俺は一人では起きることもままならず、自力で出来る事と言ったら首を左右に動かすこととゆっくり息をする事。目を閉じる事。短く切った言葉を話すこと。
空気が合わなかったのかもしれない。食が悪かったのかもしれない。それとも単に自分の体が弱かっただけなのか。年は二十を少し過ぎた頃。治る気のないような病が俺の生活の中心になった。あれよあれよと体の自由はなくなり、季節が一つ回った時には今のような、病室以外残されていない状態だった。
後悔といえば碌に遊びもせず、女も知らずに死んでいくことだろうか。それから老いた両親をおいて先に逝くこと、それも時間と金をかけてだ。早々に死んでしまいたいと、思っていた。
もう一人の男はこの病院に来たばかりで、空いていた窓際のベットを宛がわれた俺と同じ年の青年だった。キヨシという名前で、どんな字を書くのか聞けば「驚き桃の木山椒の木の木に、思い立ったが吉日の吉だ」病人にしてはやけに精のある声でそう言った。それから俺はこいつが嫌いだと、特に根拠もなく思った。
なんでも肺の病気だそうで、奴は俺と違い体を起こすことができたしそれを許されていた。とはいえ肺に溜まった水を抜くために一日一時間。時間の感覚なんてどこかへやってしまった俺だったが、この一時間が生きがいになるのにそう時間はかからなかった。まったく癪であると、少しも思はない事はない。
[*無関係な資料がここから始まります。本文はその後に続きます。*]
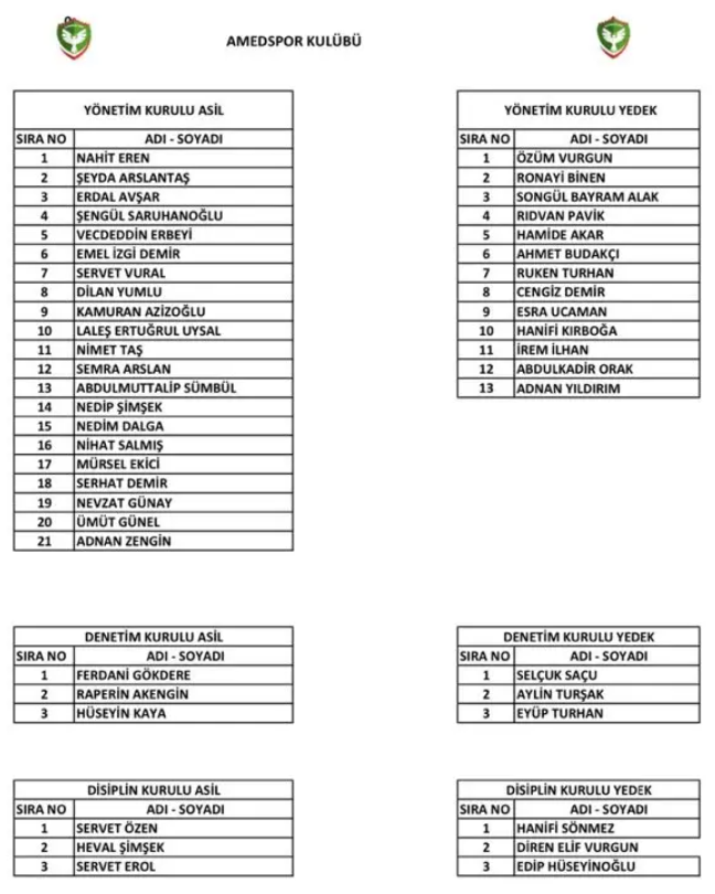 Yeni başkan Eren'in yönetim kurulu listesi şöyle:

「今日は雲一つない晴天だぞ、日向。ベンチに男と女がいる。デエトだろうか」
「だろうな」
「他にはな、池を泳ぐ鴨が見える。親子だ。小さいのが何羽かくっついていて愛らしい」
「水の中じゃ必死に、足をばたつかせてる。可愛げなんて、あったもんじゃないだろうな」
「お前は俺より多くを見てるなあ」
「厭味か」
「そんなわけないだろう」

きっかり一時間、木吉はよく喋る男だった。窓辺のベッドで体を起こしてやっと外が見えるような窓から見える出来事を一つ一つ描写するのだ。
初めは鬱陶しいと思った。なんて厭味な奴なんだとも思った(俺には厭味としか思えない天然だということが、少しした後にわかった)。俺の手どころか目も届かない世界を楽しそうに話す。一時間経つと看護婦に支えられながら体を倒す。雨漏りのシミぐらいしか見るもののない景色に戻されるというのはなかなかに絶望出来ると思う。ざまあみろだ。




▼どっかの入試の英文たぎったからパロディ書きたかったけど力尽きたんじゃ。
この後窓際の男が死んで、実は盲目だったんだけどお前のこと励ますために喋ってたんだみたいな展開になる。